Abstracts

Evaluation of Methods for Relating Continuous Streambed Resistivity Data and Hydraulic Conductivity in the Mississippi Delta

Author(s): Killian, C.; Rigby, J.; Barlow, J.; Kress, W.; Schmitz, D.

Data worth and uncertainty analyses of an existing regional groundwater-flow model that includes portions of the Mississippi Alluvial Plain (MAP) identified streambed hydraulic conductivity as a notable parameter that affected model uncertainty, influencing the model’s ability to evaluate groundwater and surface-water interactions. The streambed hydraulic conductivity of each stream reach is currently represented by one value in the existing model due to the paucity of existing data, resulting in high uncertainty in model outputs. Waterborne continuous resistivity profiling (CRP) data was collected by the U.S. Geological Survey in 2016 and 2017 along selected streams within the Mississippi Delta to: (1) characterize near-surface lithology of the Mississippi River Valley alluvial aquifer for improved understanding of groundwater and surface-water interactions; and, (2) allow for increased variability of streambed hydraulic conductivity within the existing model. Multiple methods to translate resistivity values to estimates of streambed hydraulic conductivity were evaluated.

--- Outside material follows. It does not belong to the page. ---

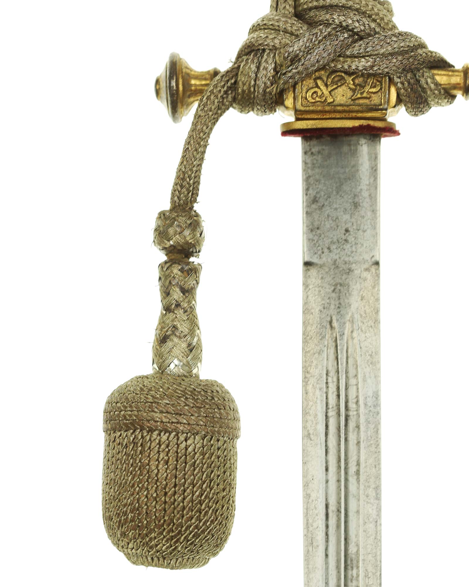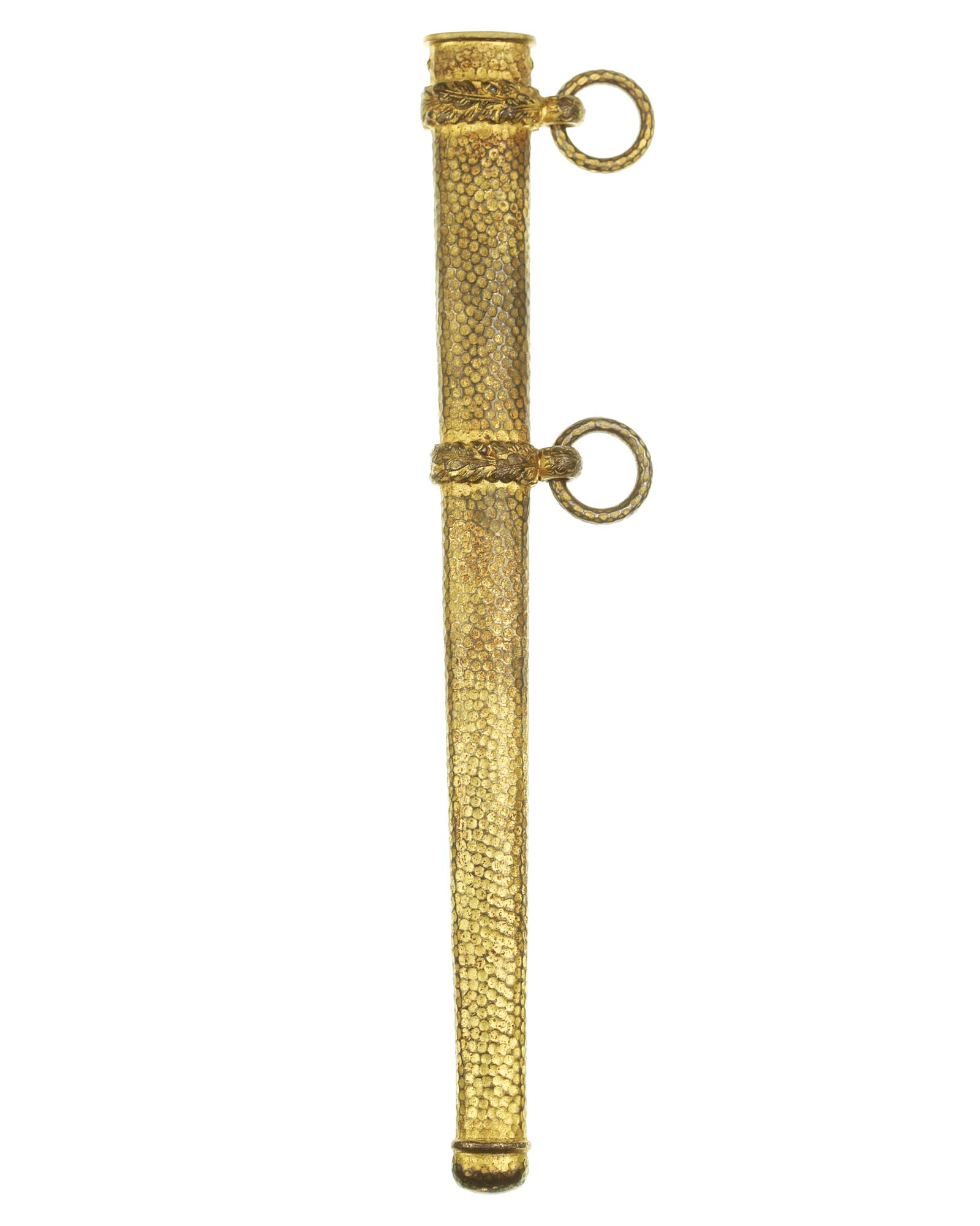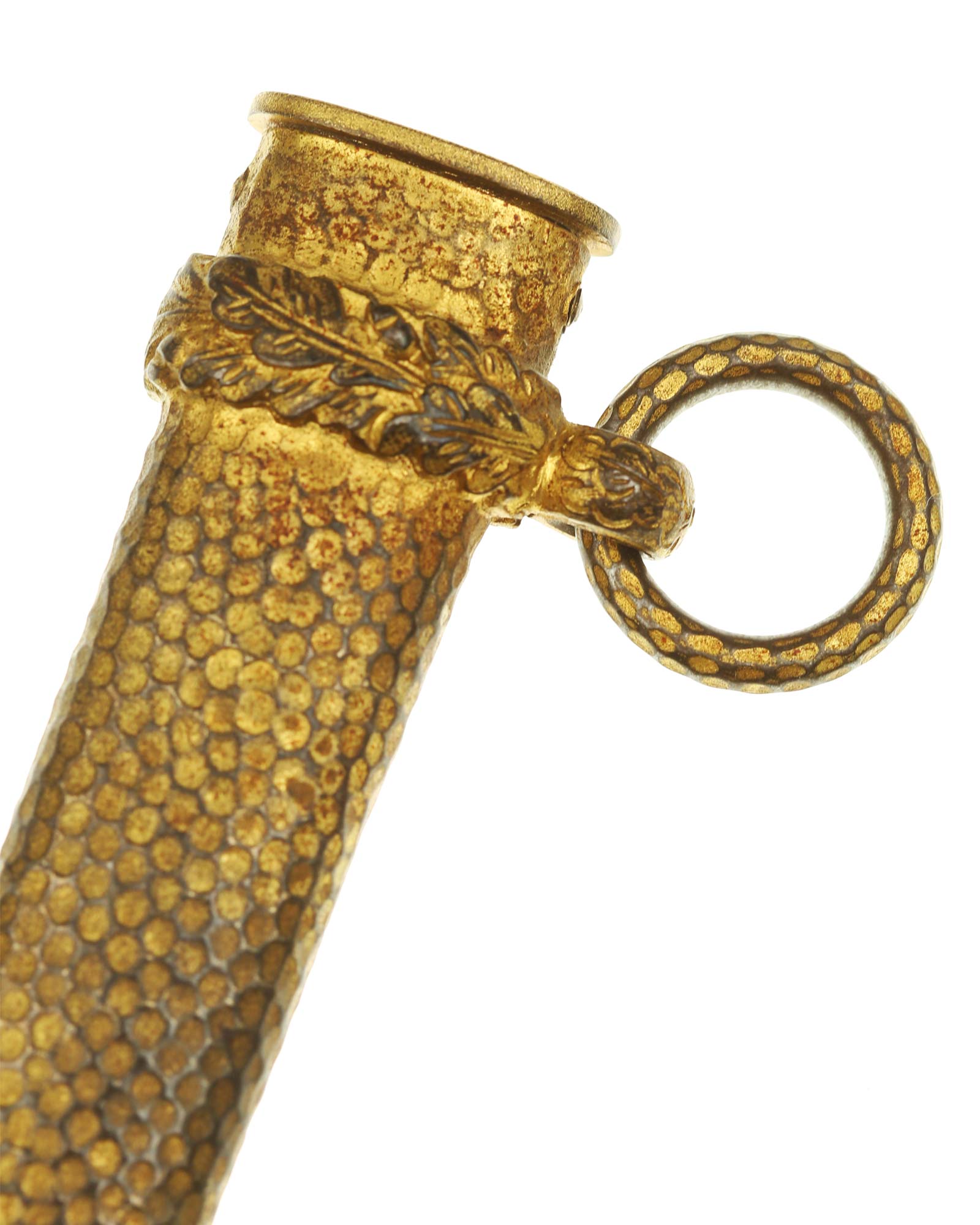 Scabbard: The scabbard is a real beauty. The scabbard is straight throughout and has an excellent hammered finish. This finish is nicely set off by the straight-across bands. These bands feature overlapping oak leaves with acorns in between and show only mild wear. The eyelets have the hammered finish. The throat is retained by two flush mounted side screws
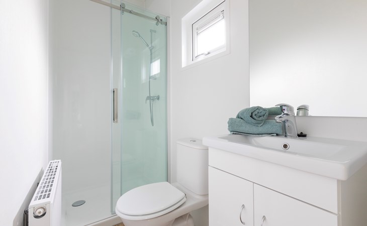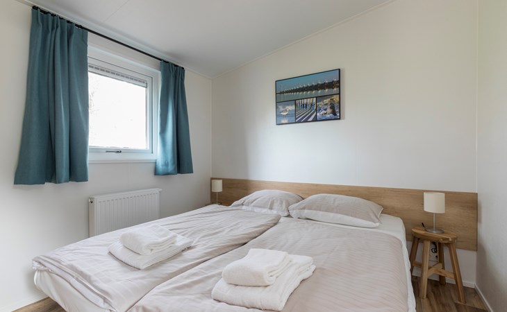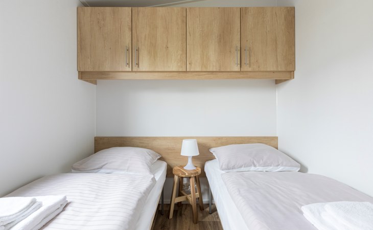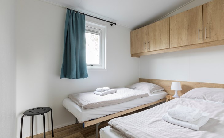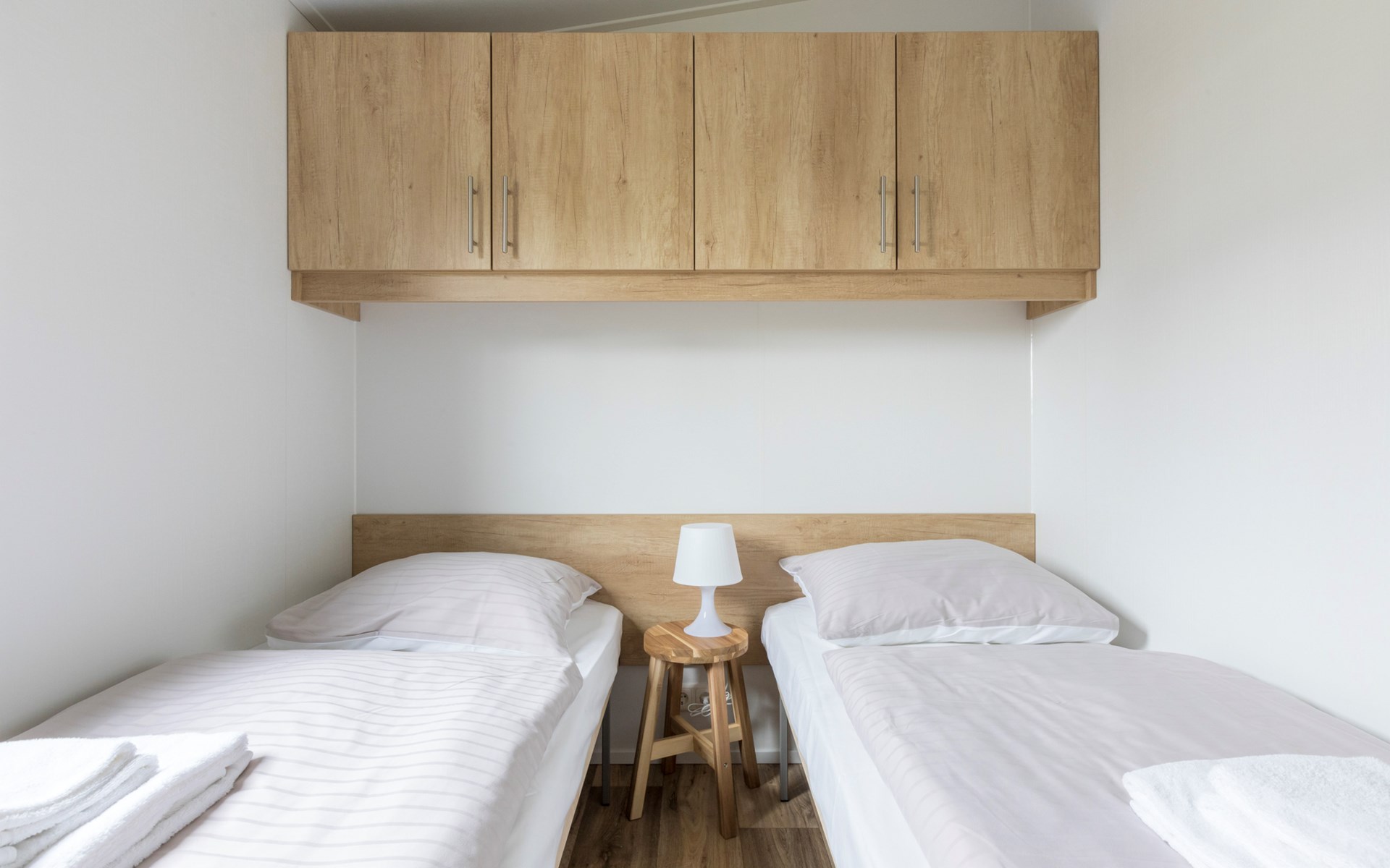 Die Chalets verfügen über zwei Schlafzimmer: eines mit einem Doppelbett (180x200 cm) und eines mit zwei Einzelbetten (80x200 cm). Das Badezimmer enthält eine Dusche, Toilette und ein Waschbecken mit Stauraum darunter. Auf der Veranda können Sie unter dem Dach herrlich genießen, sitzend am Gartentisch mit Platz für 4 Personen.

Two-dimensional profiles of estimated streambed hydraulic conductivity data were aggregated vertically to develop one-dimensional streambed hydraulic conductivity values and horizontally to the scale of the existing model. Estimated streambed hydraulic conductivity values from the methods were incorporated into the existing model and model estimates of predicted streamflow and groundwater levels were compared to measured values to evaluate model performance for each translation method. This exercise to improve streambed hydraulic conductivity values will allow for reduction in model uncertainty by allowing the model to better estimate groundwater/surface-water interaction and improve tools to make informed decisions when creating and implementing best water-use management practices.